Under this line are records; the part from the line containing "The Manufacturing Economic" through the line containing "картонной коробке, синий." should be repeated exactly. Please exclude pictures.

● DATA:
--------------------------------------------------
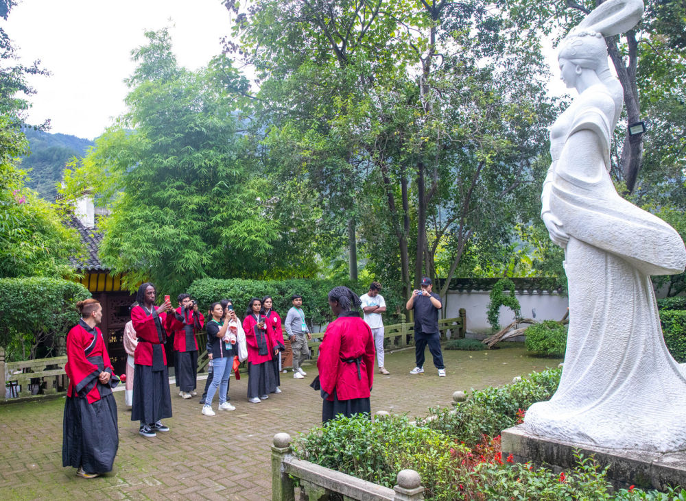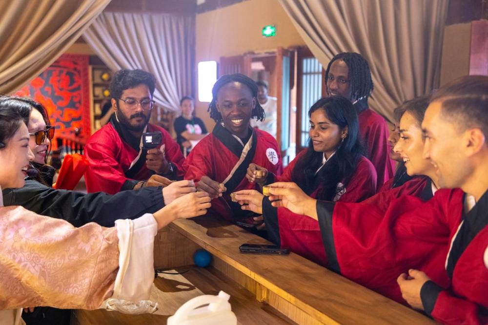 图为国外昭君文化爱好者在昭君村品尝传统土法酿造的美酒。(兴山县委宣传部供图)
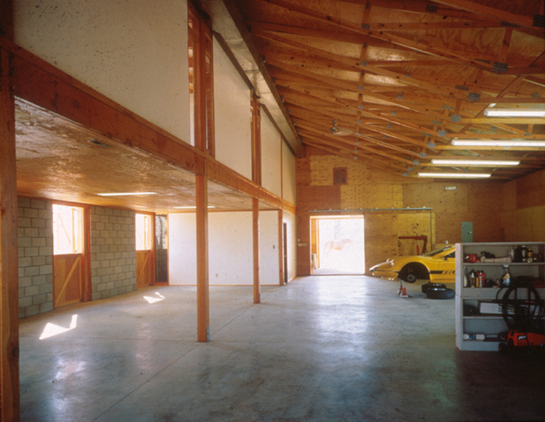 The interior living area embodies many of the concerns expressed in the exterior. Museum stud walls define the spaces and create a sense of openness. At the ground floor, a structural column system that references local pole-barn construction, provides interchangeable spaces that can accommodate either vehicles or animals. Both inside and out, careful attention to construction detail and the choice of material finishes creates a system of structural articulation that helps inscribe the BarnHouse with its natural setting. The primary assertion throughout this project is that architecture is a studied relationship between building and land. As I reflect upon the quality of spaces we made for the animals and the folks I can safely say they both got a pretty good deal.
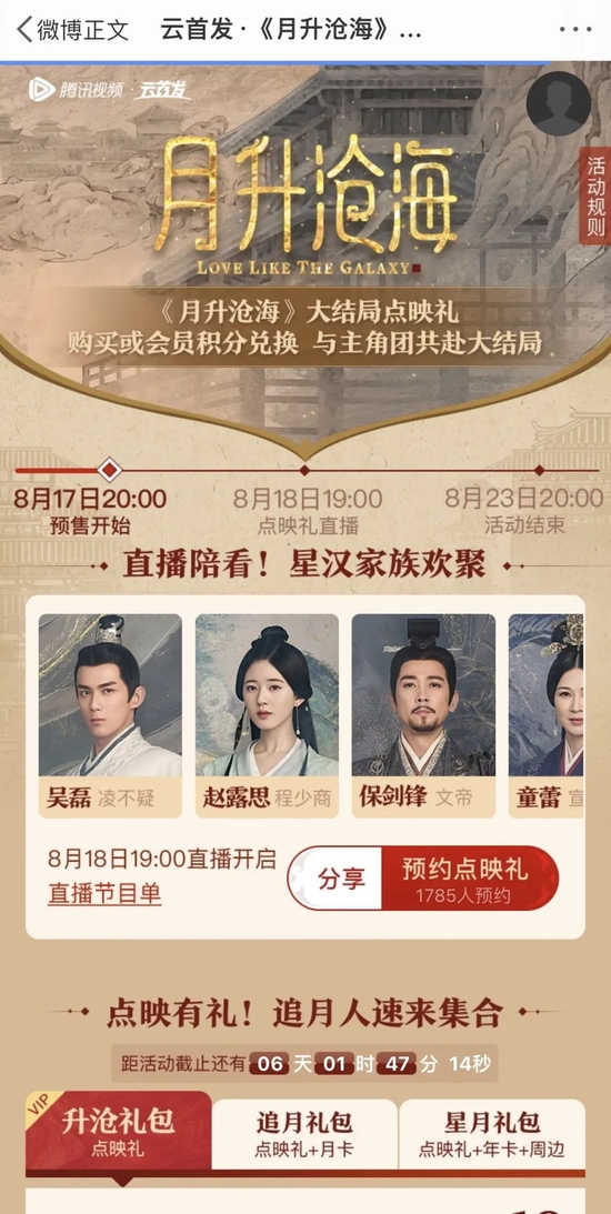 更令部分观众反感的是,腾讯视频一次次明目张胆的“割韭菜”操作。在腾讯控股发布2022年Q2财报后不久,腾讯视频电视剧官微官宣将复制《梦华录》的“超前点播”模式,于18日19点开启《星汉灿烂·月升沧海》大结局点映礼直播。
--------------------------------------------------
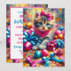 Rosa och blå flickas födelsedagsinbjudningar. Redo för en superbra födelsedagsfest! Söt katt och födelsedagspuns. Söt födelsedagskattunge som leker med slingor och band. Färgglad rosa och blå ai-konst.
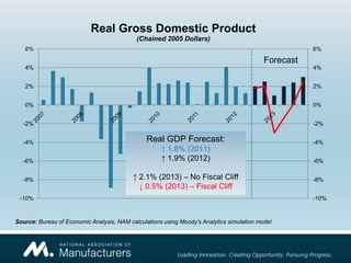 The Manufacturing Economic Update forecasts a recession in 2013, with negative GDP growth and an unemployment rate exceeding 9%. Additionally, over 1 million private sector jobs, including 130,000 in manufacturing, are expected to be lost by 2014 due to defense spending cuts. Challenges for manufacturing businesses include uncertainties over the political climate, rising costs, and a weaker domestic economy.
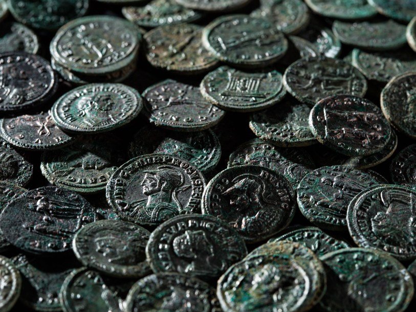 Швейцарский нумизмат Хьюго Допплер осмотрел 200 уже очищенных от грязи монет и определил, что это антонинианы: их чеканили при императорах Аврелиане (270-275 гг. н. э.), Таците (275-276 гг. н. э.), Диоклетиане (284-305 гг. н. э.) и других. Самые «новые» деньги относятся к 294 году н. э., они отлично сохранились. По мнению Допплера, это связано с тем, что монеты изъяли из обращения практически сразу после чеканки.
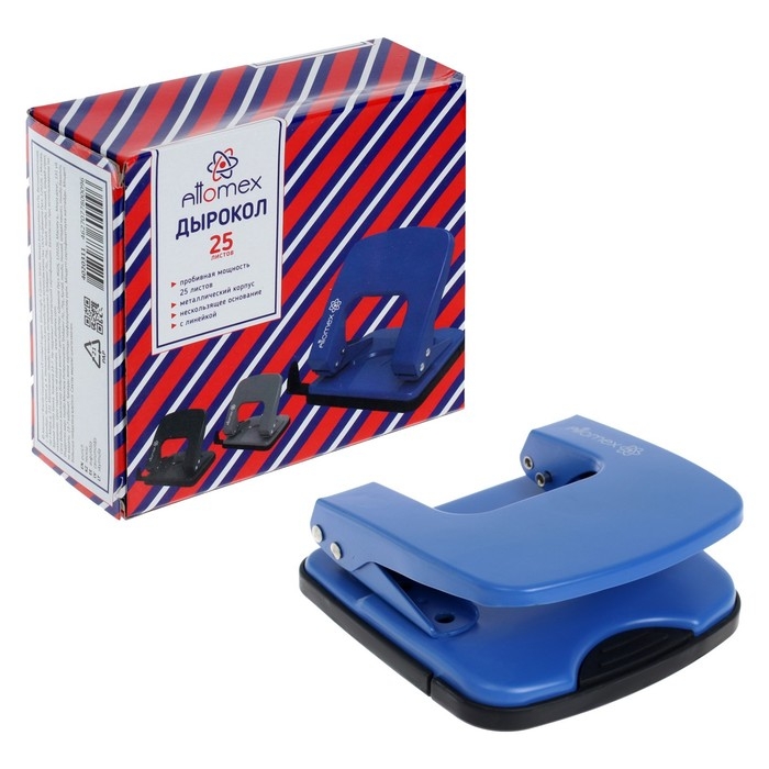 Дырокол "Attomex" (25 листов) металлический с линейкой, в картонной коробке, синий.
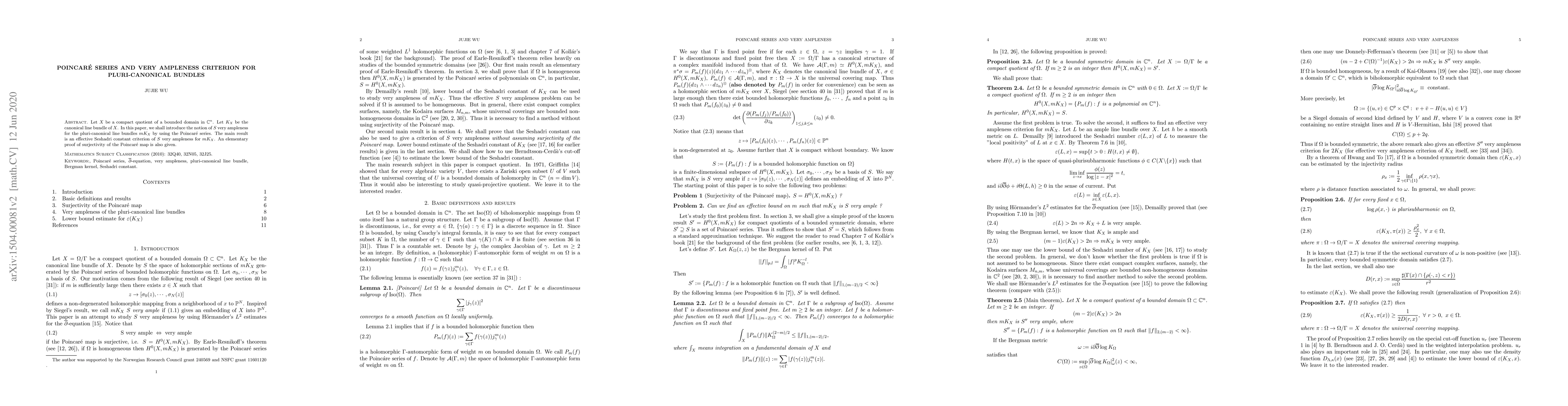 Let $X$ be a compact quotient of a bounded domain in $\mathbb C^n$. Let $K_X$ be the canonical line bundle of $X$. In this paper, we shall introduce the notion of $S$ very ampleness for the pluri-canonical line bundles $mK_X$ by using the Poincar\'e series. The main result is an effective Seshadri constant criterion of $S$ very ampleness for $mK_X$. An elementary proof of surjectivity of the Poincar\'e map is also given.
--------------------------------------------------
● TASK SOLUTION:
 The Manufacturing Economic Update forecasts a recession in 2013, with negative GDP growth and an unemployment rate exceeding 9%. Additionally, over 1 million private sector jobs, including 130,000 in manufacturing, are expected to be lost by 2014 due to defense spending cuts. Challenges for manufacturing businesses include uncertainties over the political climate, rising costs, and a weaker domestic economy.
 Швейцарский нумизмат Хьюго Допплер осмотрел 200 уже очищенных от грязи монет и определил, что это антонинианы: их чеканили при императорах Аврелиане (270-275 гг. н. э.), Таците (275-276 гг. н. э.), Диоклетиане (284-305 гг. н. э.) и других. Самые «новые» деньги относятся к 294 году н. э., они отлично сохранились. По мнению Допплера, это связано с тем, что монеты изъяли из обращения практически сразу после чеканки.
 Дырокол "Attomex" (25 листов) металлический с линейкой, в картонной коробке, синий.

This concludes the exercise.